If you're planning on gifting millions of dollars to organizations and family members while you're alive, do it now.
The Tax Cuts and Jobs Act raised the gift and estate tax exemption — also known as the unified credit — to $11.18 million per person in 2018, more than doubling the limit under the old tax law.
This means that any one person could transfer more than $11 million, either in the form of gifts while alive or in bequests after death — and do so without having that amount be subject to the 40 percent gift and estate tax.
Wealthy families should know that while they have the blessing of the IRS to make large gifts for now, the exemption is set to fall back to about $5 million per person at the end of 2025.

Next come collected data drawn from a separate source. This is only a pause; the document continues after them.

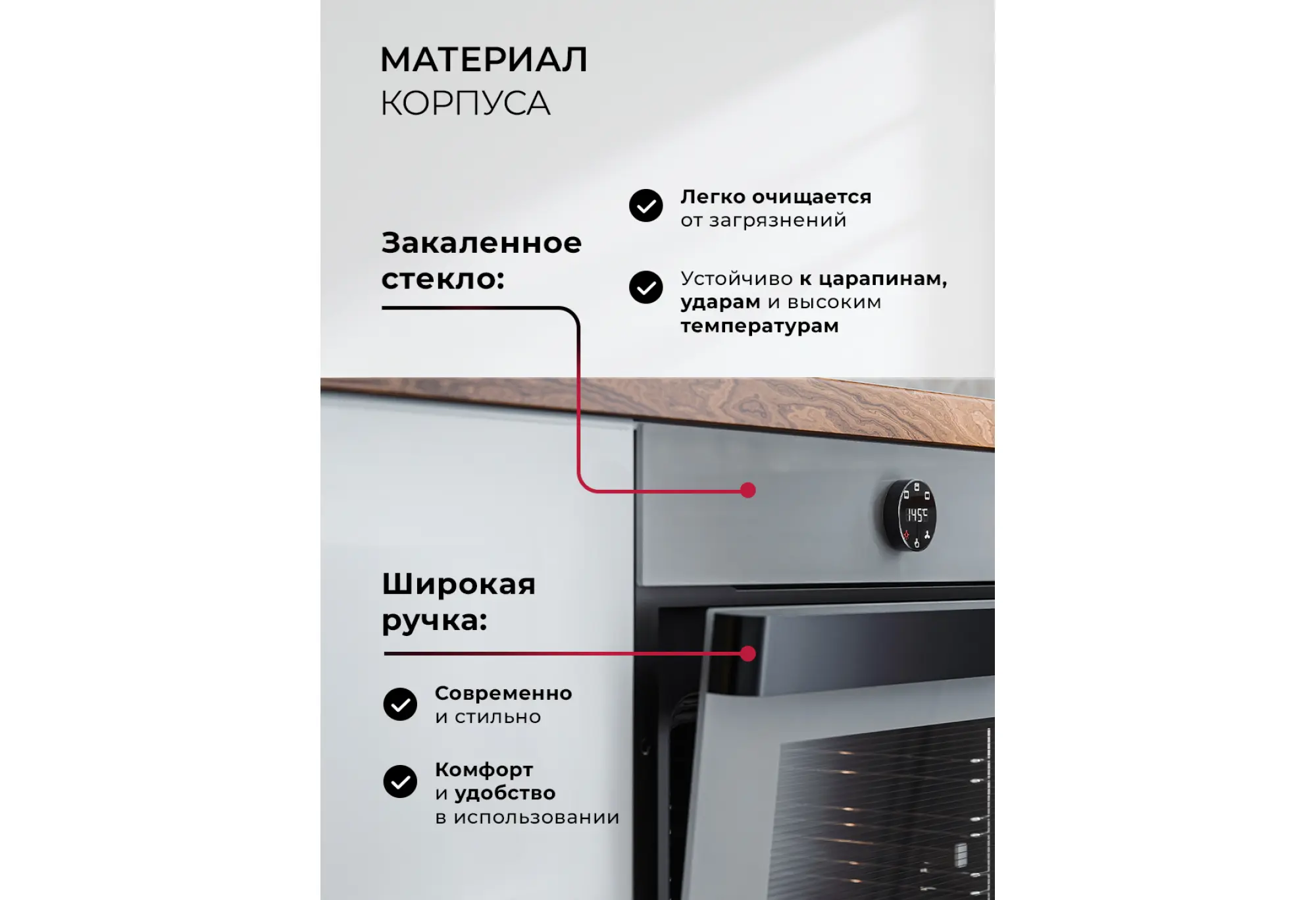 Духовой шкаф LEX EDP 607 Wide Series — комфорт и надежность в одном устройстве Эта модель предлагает просторную камеру объемом 75 литров, 7 режимов приготовления, идеально подходящую для приготовления больших блюд и семейных ужинов. Эргономичная широкая ручка и кольцо управления с экраном подчеркивают современный дизайн и удобство использования.Хромированные телескопические направляющие — удобство и безопасность с первого использования Духовой шкаф LEX EDP 607 Wide Series оснащен хромированными телескопическими направляющими, которые обеспечивают легкий доступ к блюдам во время приготовления. Благодаря им вы можете безопасно и удобно извлекать противни, снижая риск ожогов и делая процесс готовки более комфортным.Богатая цветовая палитра для гармоничного интерьера Модель представлена в следующих цветовых решениях: Black (черный c элементами управления из нержавеющей стали), Grey (серый), Black Black (черный) и White (белый). Такой выбор позволяет подобрать духовку, идеально дополняющую дизайн вашей кухни.Grey (серый)Серый оттенок универсален и гармонирует с любыми стилями и цветами, добавляя кухне современности и изысканности.7 режимов для реализации ваших кулинарных идей Духовка предоставляет семь различных режимов работы, включая традиционный нагрев, конвекцию, гриль и подсветку. С мощностью гриля 1200 Вт и максимальной температурой 270 °C вы сможете приготовить блюда с идеальной текстурой и вкусом.Интуитивное управление для вашего удобства Комбинированная система управления, объединяющая сенсорные и механические элементы, позволяет легко настраивать необходимые параметры. LED-дисплей четко отображает текущие настройки, а цифровой таймер обеспечивает точный контроль процесса приготовления.Современные технологии для безопасной эксплуатации Тройное стекло дверцы и встроенный термостат защищают от перегрева, обеспечивая безопасность использования. Каталитическая система очистки облегчает уход за духовкой, эффективно устраняя жировые отложения. Быстросъемная дверца упрощает обслуживание прибора.Исключительные результаты для каждого блюда С LEX EDP 607 Wide Series и его энергопотреблением класса A вы сможете наслаждаться превосходными кулинарными результатами, делая процесс приготовления приятным и эффективным.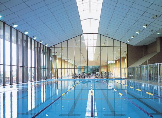 下は、緑に包まれた屋外トラックと、センター内にある室内プール(下)。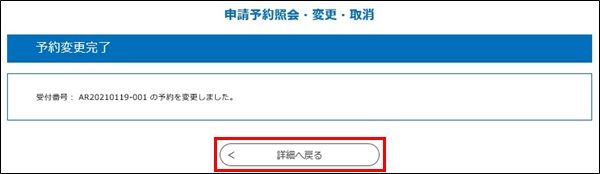 ● 予約日時の都合が悪くなった場合、申請予約情報の変更を行うことにより、再予約できます。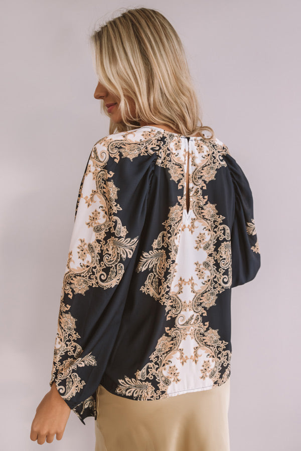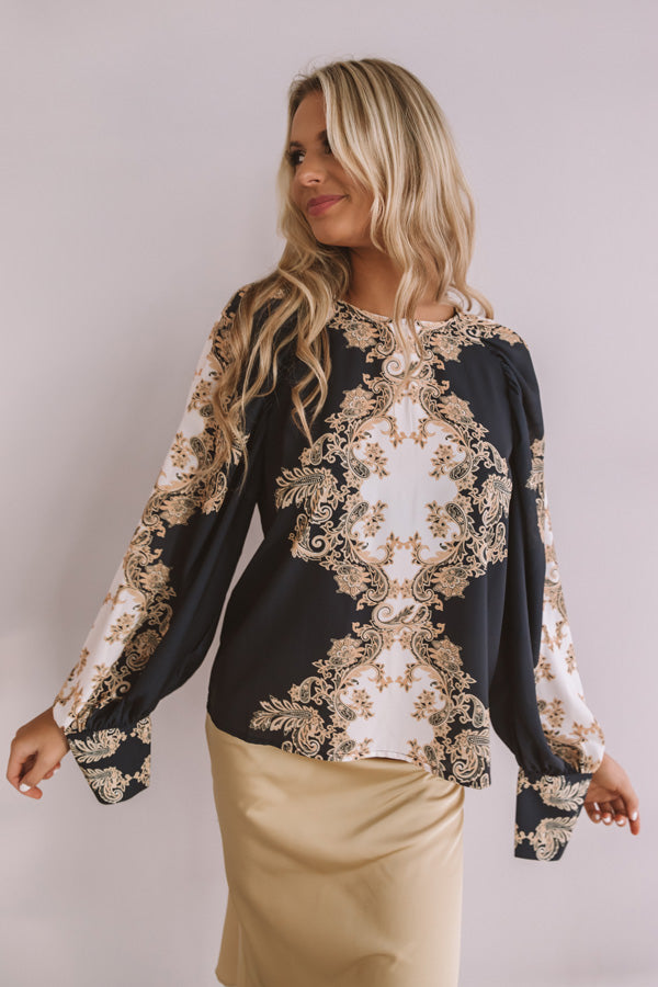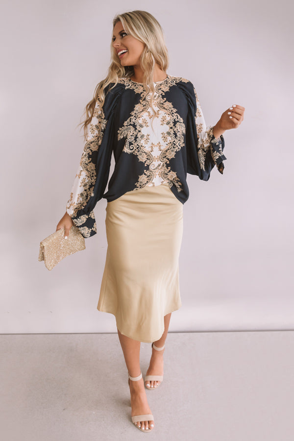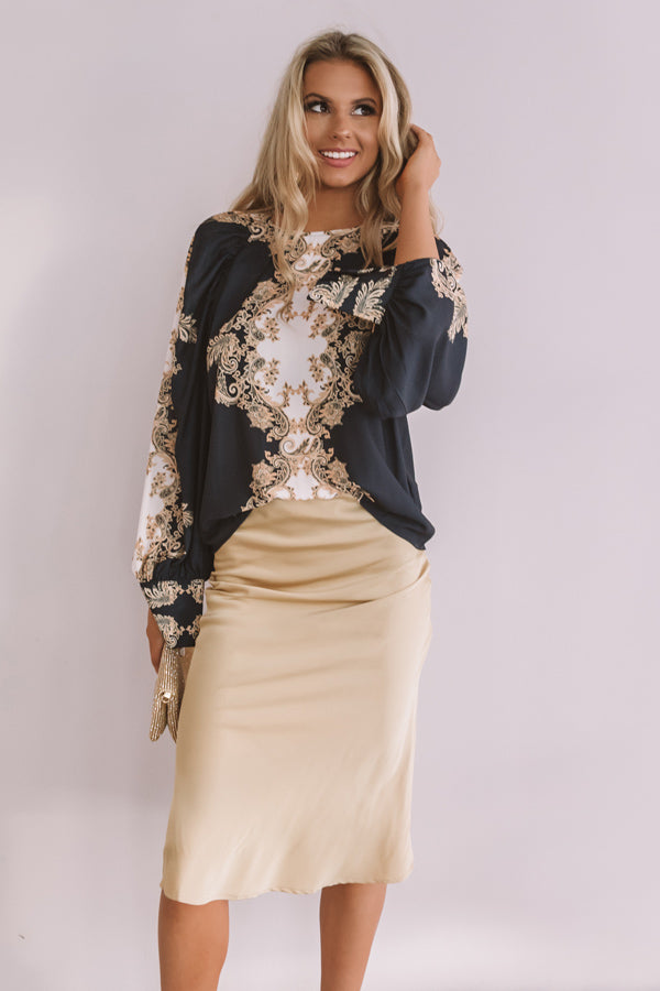 Wow the crown in our navy hued "Firelight Fancy Shift Top" featuring lightweight material with an intricate gold pattern, a high rounded neckline, long oversized bishop sleeves with fitted cuffs, a keyhole accented upper back with a button closure, and a relaxed silhouette that falls into a straight hemline! We have styled this unique piece with a satin midi skirt and a neutral heel and clutch, but you can also wear it with some distressed light wash ankle skinnies, "The Jess Faux Suede Heel in Natural," and our "All Caught Up Headband in Ivory!" Measurements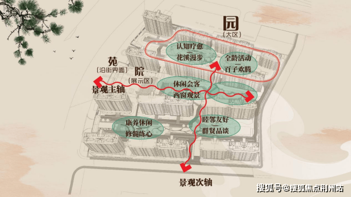 项目保留原址百年银杏、紫藤、老桩银杏等古树,以 “一环两轴五景” 园林体系串联: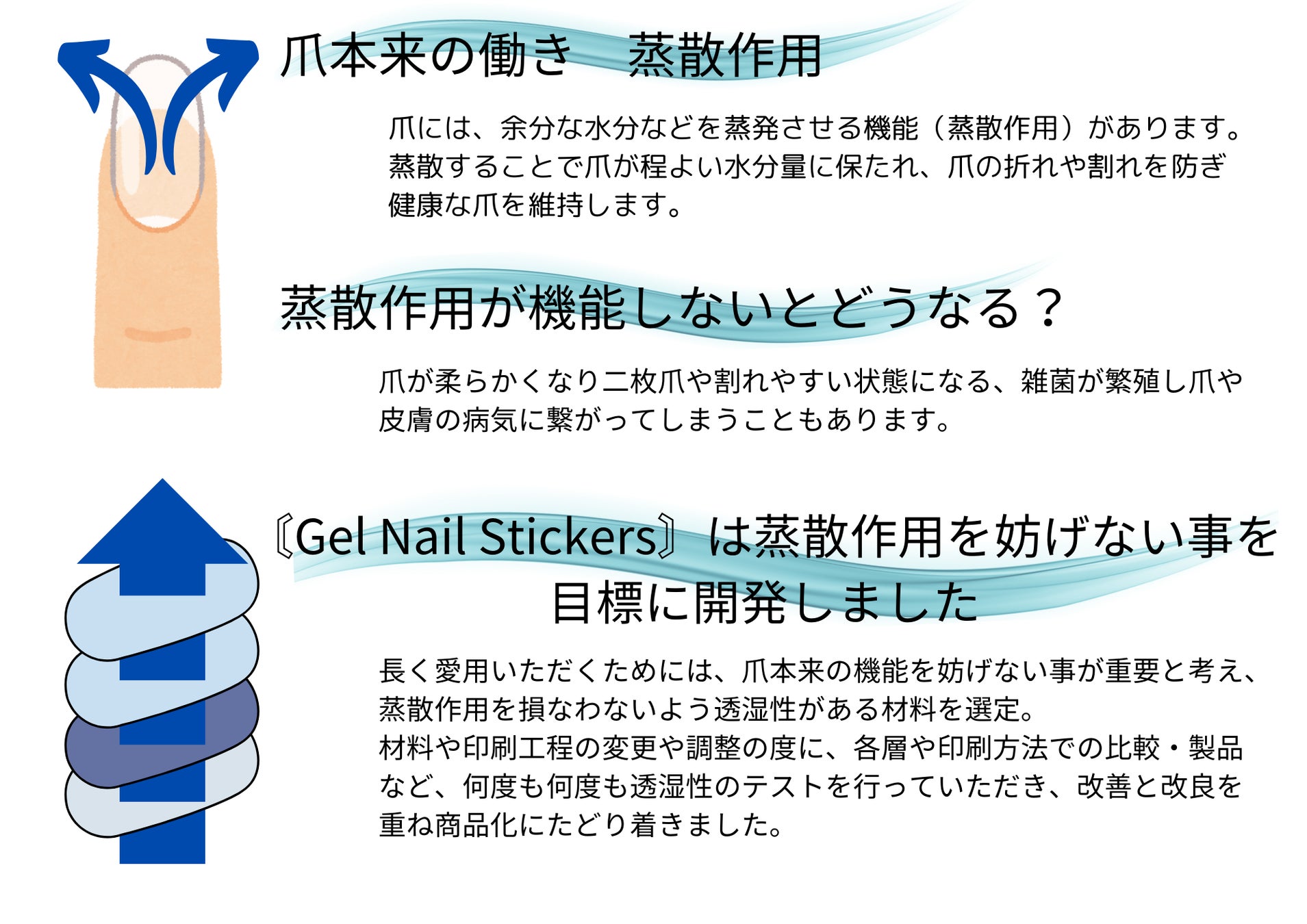 Gel Nail Stickersは貼ることによって爪の乾燥しすぎを抑えつつ、爪自体が本来持っている蒸散を妨げないよう透湿性がある材料選定と工程で、 貼っているのに自然な爪に近い、を目標に商品開発を行いました。

Accountants are questioning whether that means that gifts in excess of $5 million might be clawed back into the donor's estate and hit with the gift and estate tax if you die after 2025.
"Many people are concerned about having a claw-back," said Andrew M. Katzenstein, partner in the private client services department at Proskauer Rose in Los Angeles. He spoke at the American Institute of CPA's ENGAGE conference in Las Vegas on Monday.
"They're thinking about what kind of planning they should do if they make big gifts and die when the exemption is down," he said. "Will Congress say that you made an $11 million gift, but now it's $5 million, so that $6 million gets clawed back?"
For now, the answer is "nobody knows," said Katzenstein.